# Wie geht das?



## RialTutor (23. April 2010)

Hallo Profis!

Anbei ein Bild mit der Frage, wie man diese Wellenlinien erzeugt. Nein, nicht eine. Es geht um saubere Bündel. Muss man tatsächlich jede Linie einzeln zeichnen?


----------



## Markus Kolletzky (23. April 2010)

Hi,

Nein, du musst dazu nicht jede Linie einzeln zeichnen. Es gibt hierfür Plug-Ins.
Such mal nach dem Stichwort _Sinedots_ und du wirst fündig werden. 

Viele Grüße,
Markus


----------



## smileyml (24. April 2010)

Alternativ kannst du zwischen zwei selbst gezeichneten Linien in Illustrator mit der Angleichenfunktion dazwischen entsprechend weitere erstellen.

Grüße Marco


----------



## RialTutor (24. April 2010)

@ Markus: Der Tipp hat mir sehr geholfen. Danke !!

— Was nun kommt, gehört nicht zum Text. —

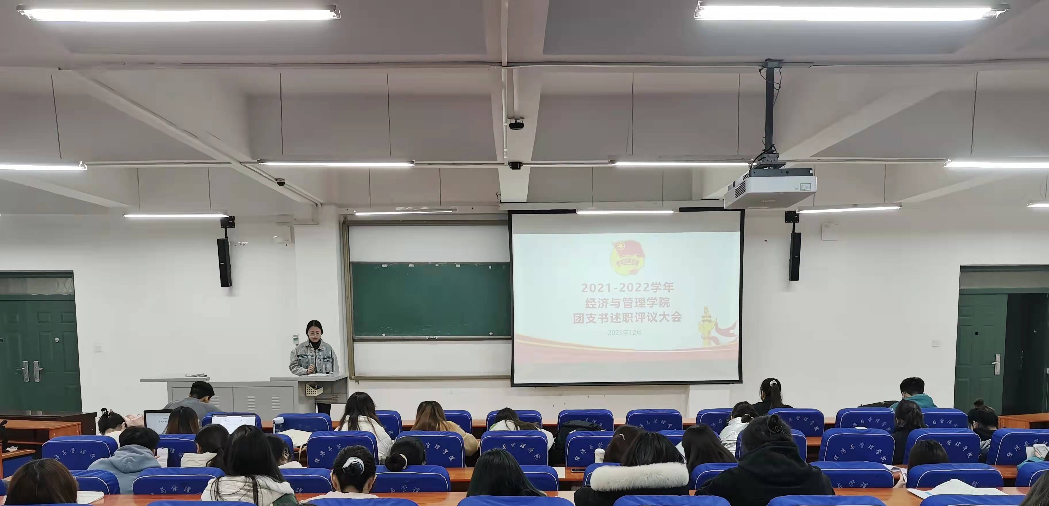 为学习贯彻党的十九届六中全会精神,推动全面从严治团走深走实,全面检验各团支部年度基层团务工作开展情况,及时了解团组织书记履职情况,进一步查找问题、总结经验、交流方法、激发活力,从而推进我院基层团组织规范化、科学化、信息化水平建设。经济与管理学院于12月9日至12月10日期间召开了2021-2022学年第一学期团支书述职大会,我院2018、2019、2020级基层团支部书记于12月9日在经管楼211室召开会议,2021级本科生于12月10日通过腾讯会议参与线上述职。

@ Marco: Das probiere ich gerne aus, wenn ich eine Maschine mit Illustrator drauf erwische. Auch dir Danke!


----------



## bastian geyer (3. Mai 2010)

http://deedeekid.com/work/definition_of_colour/definition_of_colour.jpg

wie bekommt man solche wellen gut hin?


----------



## cdpanic (26. Mai 2010)

Ich glaub dass das mit einem Pinsel gmacht ist!

Also das zuerst der Pfad gezeichnet wurde und dann eben ein Pinsel darüber gelegt wurde!


lg
stef


----------